Last year I was changed by Ann’s daily adult devotional The Greatest Gift: Unwrapping the full love story of Christmas. I began going through the book with a friend. It convicted and encouraged me in my slow expectant journey to Bethlehem. I especially loved the questions at the end of each chapter prompting thoughtful heart searching and reflection. I gifted at least ten copies, including giving it to my girl’s teachers at the beginning of December. Giving gifts early has become a tradition for me to eliminate the rushed frenzy of thoughtless buying and enable our home and hearts to quietly focus and rest in the Advent season.
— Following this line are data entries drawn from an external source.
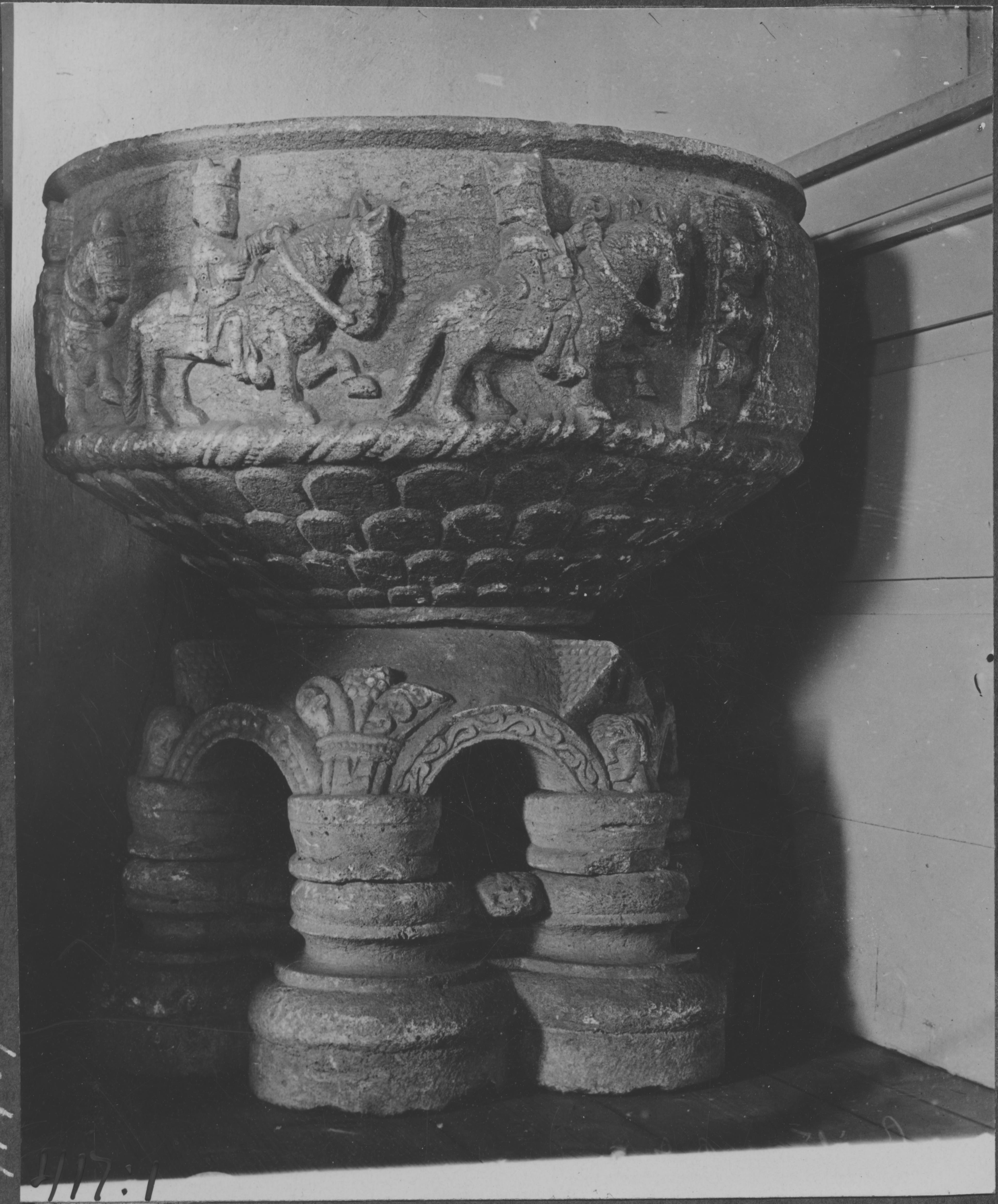 Beskrivning: Dopfunt av sandsten. Prydd med reliefframställningar av Jesu födelse och de tre konungarnas tillbedjan. från 1100-talet.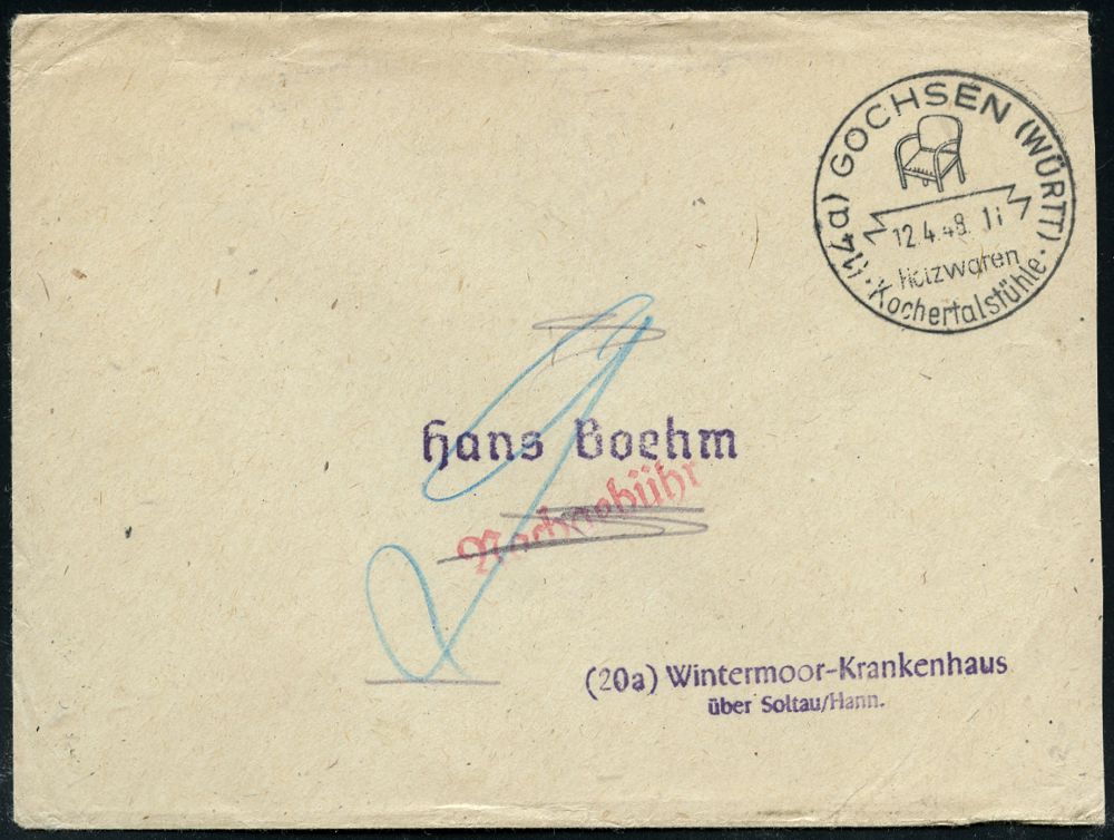 4035 | 14 € | POSTLEITRAUM 7100 (OHNE HEILBRONN u. LUDWIGSBURG) : (14a) GOCHSEN (WÜRTT)/ Holzwaren/ Kochertalstühle 1948 (12.4.) HWSt (Lehnstuhl) + roter 1L: Nachgebühr (gestrichen) klar gest. (gefalteter) Postdienst-Antwort-Bf. (Bo.2) | ![]() | |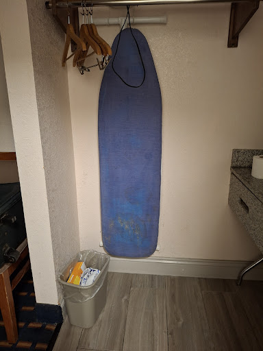 Cleanliness - If you remember the part about no AC being on for a while when we first walked into our room I didn't mention that this was a pet room as well. Fairly strong dog urine smell but after the AC had been running it was not as strong. Really the carpet needs a shampooing or to be replaced; no shoes on it really felt grimey. Peeling paint over sink and really just some low quality repairs when it came to drywall and painting.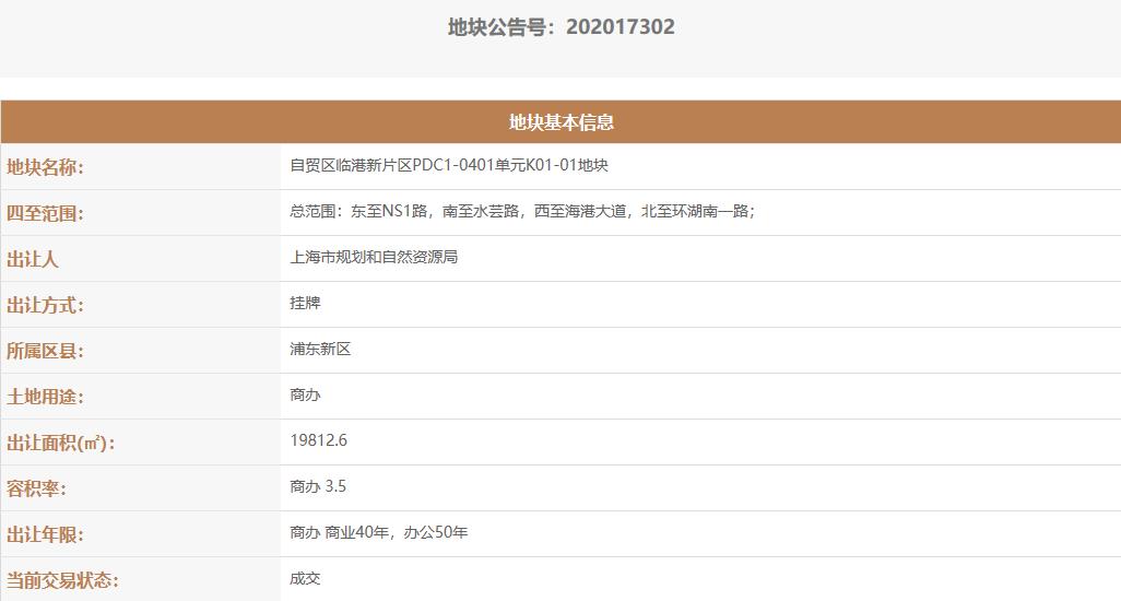 地塊編號202017302,地塊名稱自貿區臨港新片區PDC1-0401單元K01-01地塊,地塊東至NS1路,南至水芸路,西至海港大道,北至環湖南一路;土地用途為商辦用地,出讓面積1.98萬平,起始價3.13億元。

I ordered the new family style book as soon as it was released. When Danica opened the beautiful pages she immediately began reading, and her excitement grew to see we would start our journey this year in the Garden of Eden and follow it all the way to the incarnation of our Savior. No more hanging out all month at the stable and the cradle. We come to understand the intricate details of God’s plan to save us through Biblical narratives winding through several thousand years; exploring the lives of men and women who are much like you and I. Ann writes in her devotional book,

The coming of Christ was right through families of messed up monarchs and battling brothers, through affairs and adultery and more than a feud or two, through skeletons in closets and cheaters at tables . . . And Jesus claims exactly those who are wondering and wounded and worn out as His. He grafts you into His line and His story and His heart, and He gives you His name, His lineage, His righteousness. He graces you with plain grace. Is there a greater Gift you could want or need or have?
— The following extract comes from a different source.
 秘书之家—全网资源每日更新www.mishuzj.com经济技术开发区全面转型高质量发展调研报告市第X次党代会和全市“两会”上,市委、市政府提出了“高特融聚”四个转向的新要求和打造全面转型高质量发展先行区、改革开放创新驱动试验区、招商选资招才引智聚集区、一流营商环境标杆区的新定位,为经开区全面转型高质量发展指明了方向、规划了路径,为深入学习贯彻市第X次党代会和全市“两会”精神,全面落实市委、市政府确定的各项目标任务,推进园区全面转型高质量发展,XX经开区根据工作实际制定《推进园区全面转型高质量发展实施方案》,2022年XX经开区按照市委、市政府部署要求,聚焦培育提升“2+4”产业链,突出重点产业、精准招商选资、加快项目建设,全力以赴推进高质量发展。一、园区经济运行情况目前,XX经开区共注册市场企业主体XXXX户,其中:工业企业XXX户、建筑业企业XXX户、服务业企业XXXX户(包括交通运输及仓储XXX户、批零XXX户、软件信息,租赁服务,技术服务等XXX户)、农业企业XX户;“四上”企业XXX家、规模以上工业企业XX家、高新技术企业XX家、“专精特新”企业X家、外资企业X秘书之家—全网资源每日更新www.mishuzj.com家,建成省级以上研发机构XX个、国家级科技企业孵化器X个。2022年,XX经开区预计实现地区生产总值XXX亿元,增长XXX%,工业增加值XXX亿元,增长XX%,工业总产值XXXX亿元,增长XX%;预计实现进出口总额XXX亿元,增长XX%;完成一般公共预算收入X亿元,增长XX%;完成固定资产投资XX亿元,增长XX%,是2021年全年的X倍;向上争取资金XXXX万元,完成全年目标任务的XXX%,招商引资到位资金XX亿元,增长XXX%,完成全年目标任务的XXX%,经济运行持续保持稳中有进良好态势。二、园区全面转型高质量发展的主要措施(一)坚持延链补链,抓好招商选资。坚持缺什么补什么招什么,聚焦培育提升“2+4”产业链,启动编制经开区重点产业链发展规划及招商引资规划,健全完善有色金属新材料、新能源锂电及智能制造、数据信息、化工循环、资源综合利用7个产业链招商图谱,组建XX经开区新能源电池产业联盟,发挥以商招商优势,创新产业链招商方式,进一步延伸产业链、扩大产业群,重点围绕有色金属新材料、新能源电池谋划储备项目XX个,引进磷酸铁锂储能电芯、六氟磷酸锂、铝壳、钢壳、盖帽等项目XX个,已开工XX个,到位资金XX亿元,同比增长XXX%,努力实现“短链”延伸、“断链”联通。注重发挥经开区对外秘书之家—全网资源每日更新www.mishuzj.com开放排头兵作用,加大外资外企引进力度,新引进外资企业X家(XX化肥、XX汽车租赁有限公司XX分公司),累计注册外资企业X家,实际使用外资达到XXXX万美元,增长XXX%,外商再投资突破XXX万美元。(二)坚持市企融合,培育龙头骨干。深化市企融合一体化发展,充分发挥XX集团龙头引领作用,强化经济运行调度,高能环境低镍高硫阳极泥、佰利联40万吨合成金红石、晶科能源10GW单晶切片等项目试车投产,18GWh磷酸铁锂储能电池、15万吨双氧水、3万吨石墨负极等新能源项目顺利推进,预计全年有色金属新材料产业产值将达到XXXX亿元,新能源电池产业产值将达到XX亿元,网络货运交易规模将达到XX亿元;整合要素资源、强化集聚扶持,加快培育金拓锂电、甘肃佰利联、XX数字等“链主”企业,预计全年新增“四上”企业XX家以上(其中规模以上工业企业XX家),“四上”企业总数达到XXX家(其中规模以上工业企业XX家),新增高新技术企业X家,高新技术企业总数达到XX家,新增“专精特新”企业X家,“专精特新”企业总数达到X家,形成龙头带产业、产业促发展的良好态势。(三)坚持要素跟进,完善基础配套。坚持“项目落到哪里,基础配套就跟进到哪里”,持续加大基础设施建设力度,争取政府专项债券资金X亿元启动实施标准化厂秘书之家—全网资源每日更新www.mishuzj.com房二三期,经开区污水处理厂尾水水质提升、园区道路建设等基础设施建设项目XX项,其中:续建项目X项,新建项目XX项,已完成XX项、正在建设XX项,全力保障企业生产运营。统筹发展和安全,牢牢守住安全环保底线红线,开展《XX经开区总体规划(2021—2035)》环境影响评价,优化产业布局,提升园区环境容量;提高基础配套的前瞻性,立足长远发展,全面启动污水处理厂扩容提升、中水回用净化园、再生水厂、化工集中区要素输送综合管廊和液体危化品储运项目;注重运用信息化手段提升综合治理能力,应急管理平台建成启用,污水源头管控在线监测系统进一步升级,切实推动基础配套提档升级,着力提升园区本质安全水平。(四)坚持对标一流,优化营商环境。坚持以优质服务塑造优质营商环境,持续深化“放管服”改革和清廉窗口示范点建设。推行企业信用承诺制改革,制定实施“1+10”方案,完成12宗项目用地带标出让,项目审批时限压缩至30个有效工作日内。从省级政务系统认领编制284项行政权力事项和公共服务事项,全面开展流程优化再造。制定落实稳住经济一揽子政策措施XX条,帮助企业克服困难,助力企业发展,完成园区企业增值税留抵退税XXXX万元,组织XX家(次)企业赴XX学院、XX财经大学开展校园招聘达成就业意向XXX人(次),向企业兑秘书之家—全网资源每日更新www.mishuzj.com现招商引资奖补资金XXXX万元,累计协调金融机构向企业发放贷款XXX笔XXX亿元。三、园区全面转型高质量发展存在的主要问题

The illustrations are lovely. The suggested activities for application provide the opportunity for the stories to become real Jesus living. There is also a link to download The Jesse Tree ornaments or you will be delighted to know Dayspring is also offering a full set of ready to use ornaments to purchase. I know this book will become cemented in our family’s Christmas worship for years to come. Throughout the month of December I will be writing frequently about the long slow journey of expectation. I hope you will find still moments to join me here and also carve out space for you and your own family to quiet the noise of the world’s twisted shout of the celebration of our Savior’s birth.
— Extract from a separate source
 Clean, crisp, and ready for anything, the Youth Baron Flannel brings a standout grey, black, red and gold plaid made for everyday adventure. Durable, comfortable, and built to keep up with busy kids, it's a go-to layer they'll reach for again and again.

How do you or your family observe Advent? Is this something new to you? What could you do this year to make Christmas a more spiritual holiday for yourself and your family?

I am giving away a copy of Ann’s special book this week. To enter answer one or all of the questions above in the comment section here on the blog and share this post on facebook with a friend or family member whose adrenaline is already rising in the sea of Black Friday ads, lists of wanting, parties and pastries. I will randomly choose a winner on Thanksgiving night so I can priority ship and have it to you by the evening of December 1.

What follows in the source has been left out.